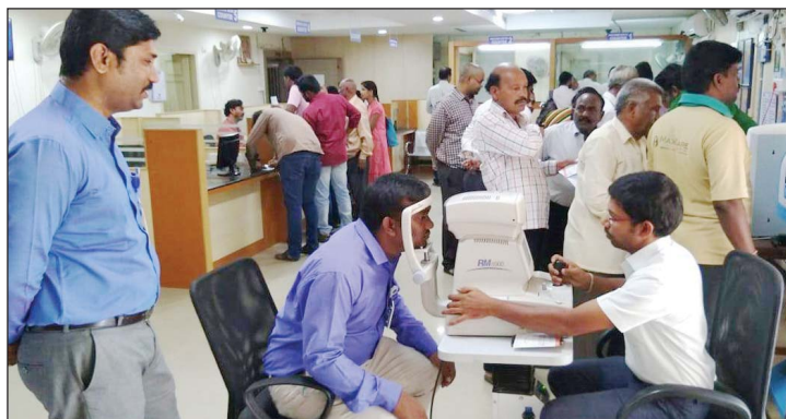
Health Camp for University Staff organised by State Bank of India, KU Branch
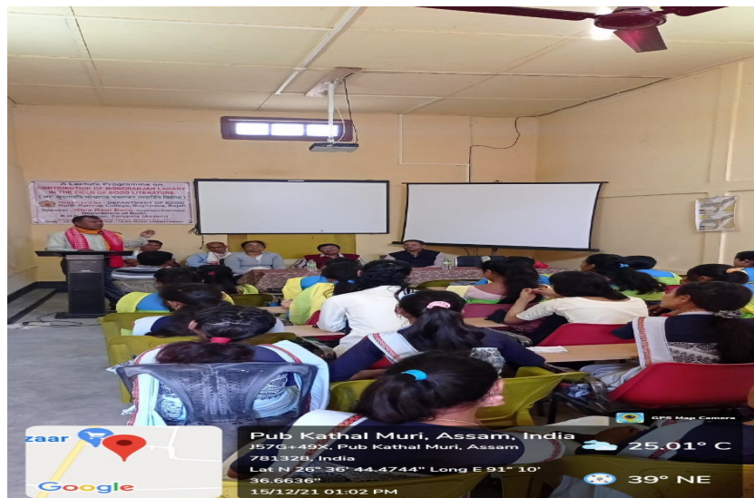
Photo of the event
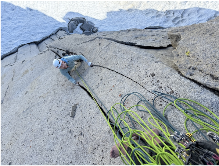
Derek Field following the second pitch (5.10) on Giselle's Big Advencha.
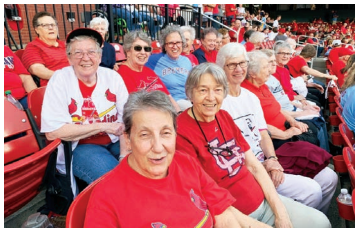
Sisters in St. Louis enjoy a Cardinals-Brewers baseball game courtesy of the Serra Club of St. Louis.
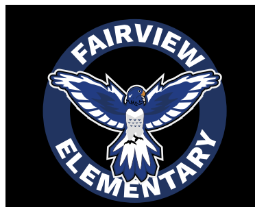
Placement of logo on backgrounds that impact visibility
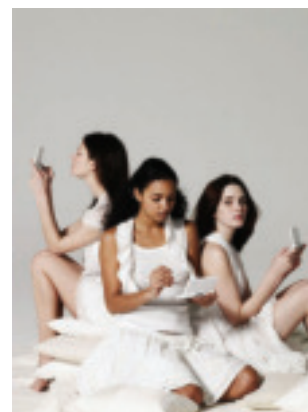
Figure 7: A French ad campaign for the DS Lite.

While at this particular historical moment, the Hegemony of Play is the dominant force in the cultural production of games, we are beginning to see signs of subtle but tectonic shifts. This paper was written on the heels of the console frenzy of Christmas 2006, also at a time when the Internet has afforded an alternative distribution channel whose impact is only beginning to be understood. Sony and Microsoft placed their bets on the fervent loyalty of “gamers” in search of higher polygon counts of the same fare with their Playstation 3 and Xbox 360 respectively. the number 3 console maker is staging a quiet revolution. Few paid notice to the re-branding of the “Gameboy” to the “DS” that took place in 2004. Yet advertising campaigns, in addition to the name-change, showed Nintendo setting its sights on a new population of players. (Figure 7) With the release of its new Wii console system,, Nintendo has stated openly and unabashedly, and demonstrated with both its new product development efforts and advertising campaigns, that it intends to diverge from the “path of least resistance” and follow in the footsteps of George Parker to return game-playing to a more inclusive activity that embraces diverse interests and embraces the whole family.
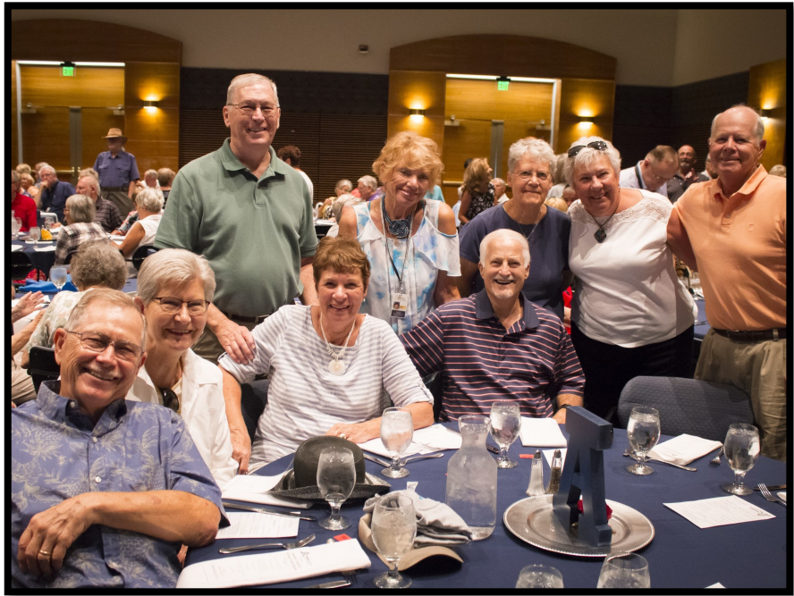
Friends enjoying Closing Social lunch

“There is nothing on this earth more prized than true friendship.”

+ + + + + + +

Find the string "that" in the data. Report each line it appears in.

# COMPLETED EXERCISE
Placement of logo on backgrounds that impact visibility
While at this particular historical moment, the Hegemony of Play is the dominant force in the cultural production of games, we are beginning to see signs of subtle but tectonic shifts. This paper was written on the heels of the console frenzy of Christmas 2006, also at a time when the Internet has afforded an alternative distribution channel whose impact is only beginning to be understood. Sony and Microsoft placed their bets on the fervent loyalty of “gamers” in search of higher polygon counts of the same fare with their Playstation 3 and Xbox 360 respectively. the number 3 console maker is staging a quiet revolution. Few paid notice to the re-branding of the “Gameboy” to the “DS” that took place in 2004. Yet advertising campaigns, in addition to the name-change, showed Nintendo setting its sights on a new population of players. (Figure 7) With the release of its new Wii console system,, Nintendo has stated openly and unabashedly, and demonstrated with both its new product development efforts and advertising campaigns, that it intends to diverge from the “path of least resistance” and follow in the footsteps of George Parker to return game-playing to a more inclusive activity that embraces diverse interests and embraces the whole family.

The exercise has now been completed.